Calvin Morris

Martin Luther King Jr. Derived His Leadership From the Core Tradition of the Black Baptist Church

Minister, historian


Human rights advocate the Reverend Dr. Calvin Sylvester Morris was born March 16, 1941, in Philadelphia. He attended Meade Elementary School and Vaux Junior High School. Morris was awarded a partial scholarship to Friends Select High School, a private Quaker school known for its high standards. One of two black students in his class, Morris graduated with honors in 1959. He then went on to Lincoln University in Oxford, Pennsylvania graduating cum laude in 1963 with a B.A. in history. At Boston University, he earned an M.A. in history in 1964 and an S.B.T. in theology in 1967. Morris was also ordained in the United Methodist Church.

Later in 1967, Morris moved to Chicago to work on his Ph.D., but was asked by the Reverend Jesse Jackson to become the associate director and national coordinator of the Southern Christian Leadership Conference's Operation Breadbasket, now the Rainbow/PUSH Coalition. He served from 1967 to 1971, through the assassinations of Dr. Martin Luther King, Jr. and Fred Hampton. Breadbasket attracted activists and celebrities like Fannie Lou Hamer, Bill Cosby, Julius "Cannonball" Adderly, Rosa Parks, Bishop Desmond Tutu, Mahalia Jackson and Sammy Davis, Jr.

From 1971 to 1973, Morris was coordinator of the African American Studies Program at Simmons College in Boston. As executive director of Atlanta's Martin Luther King, Jr. Center for Non-Violent Social Change from 1973 to 1976, Morris was again associated with SCLC as he worked directly with Coretta Scott King. In 1976, he began a sixteen-year professional association with Howard University's School of Divinity during which he worked as director of ministries to church and Society, director of field education and associate professor of pastoral theology.

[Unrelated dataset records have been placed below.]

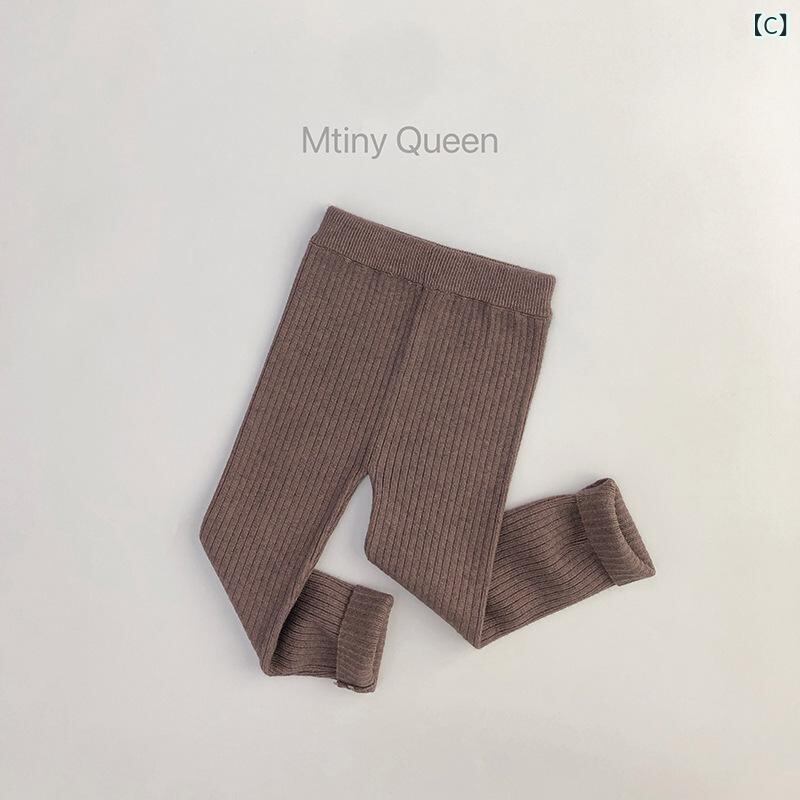 子供服 ニットレギンス 男女兼用 ベビー 高伸縮 秋冬 綿 普段使い かわいい ストライプ ブラック ベージュ系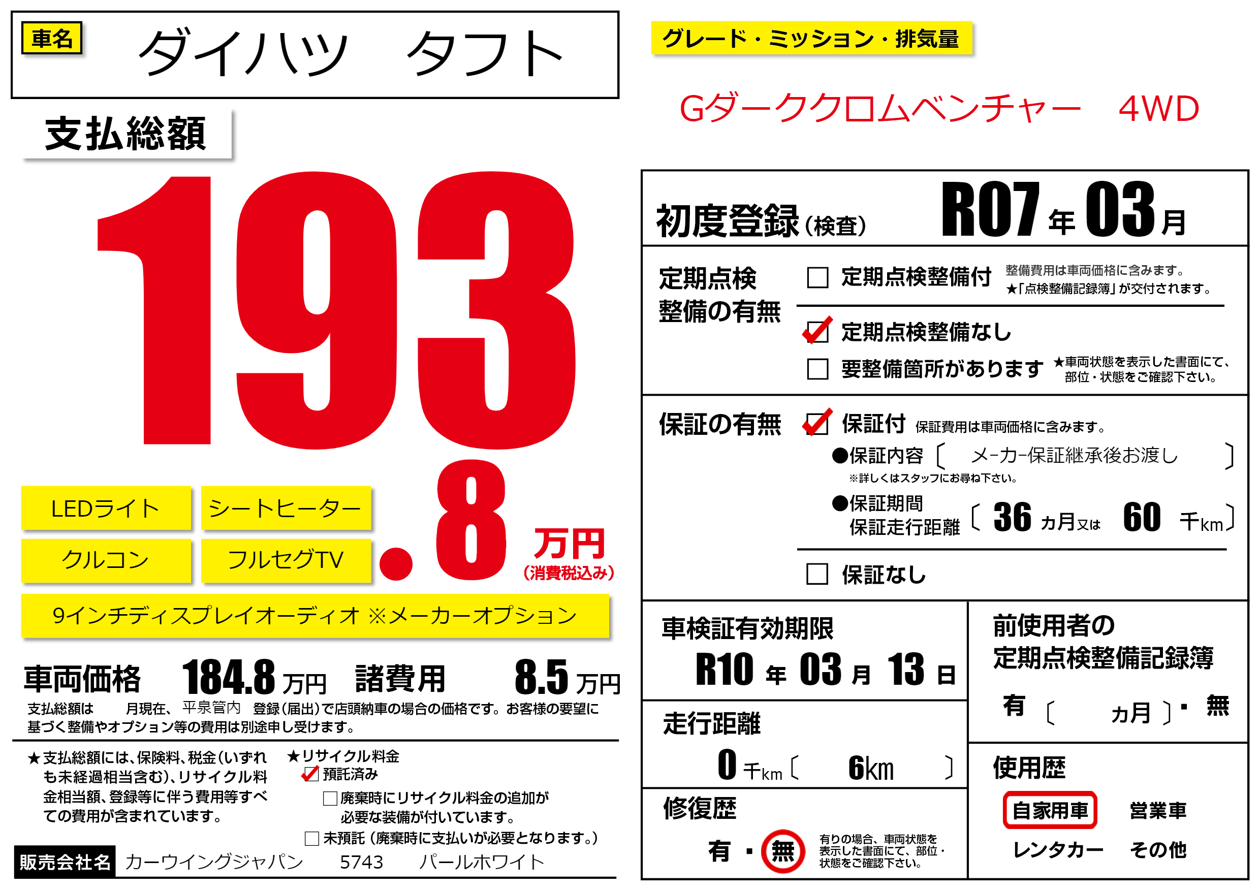 なし | 車検制限 | R10年03月13月 |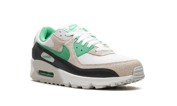The Nike Air Max 90 "Spring Green" is a clean and classic colorway of the retro performance running shoe with green accents. The "Spring Green" is designed in a similar color block to that of the Air Max 90's iconic "Infrared" colorway, one of the greatest looks for the shoe ever. More specifically, the "Spring Green" is complete with a white mesh base with tan suede overlays. A Spring Green suede Swoosh can be found on either side of the shoe. More Spring Green accenting lands on the eyelet panels, on the "Air Max" branding window on the lateral side of the shoe, and on the "Nike Air" logo on the heel. Underfoot, a translucent panel surrounds the Air bubble in the heel of the white foam midsole. Release date: March 27, 2023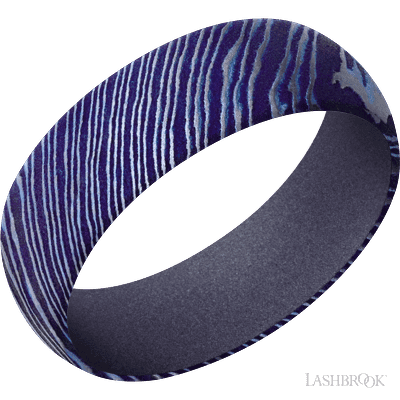 7 mm wide Domed Titanium Damascus band featuring a Crushed Orchid sleeve.

Morris earned his Ph.D. in American history from Boston University in 1982. He was executive vice president of Academic Services and academic dean at Interdenominational Theological Center in Atlanta from 1992 to 1998. Chicago's Community Renewal Society (CRS) hired Morris as executive director in 1998. At CRS, Morris presides over two publications, a staff of forty-seven and a budget of $4.5 million.

Morris is a board member of the Golden Apple Foundation, Chicago Chamber Musicians, Chicago Theater Company,Sojourner and the Wieboldt Foundation. He is a co-convener of the Justice Coalition of Greater Chicago and is a co-chairman of Jobs for Justice Clergy Committee. Morris was elected treasurer of the Board of Trustees of Lincoln University, his alma mater. He lives near his daughter in Chicago.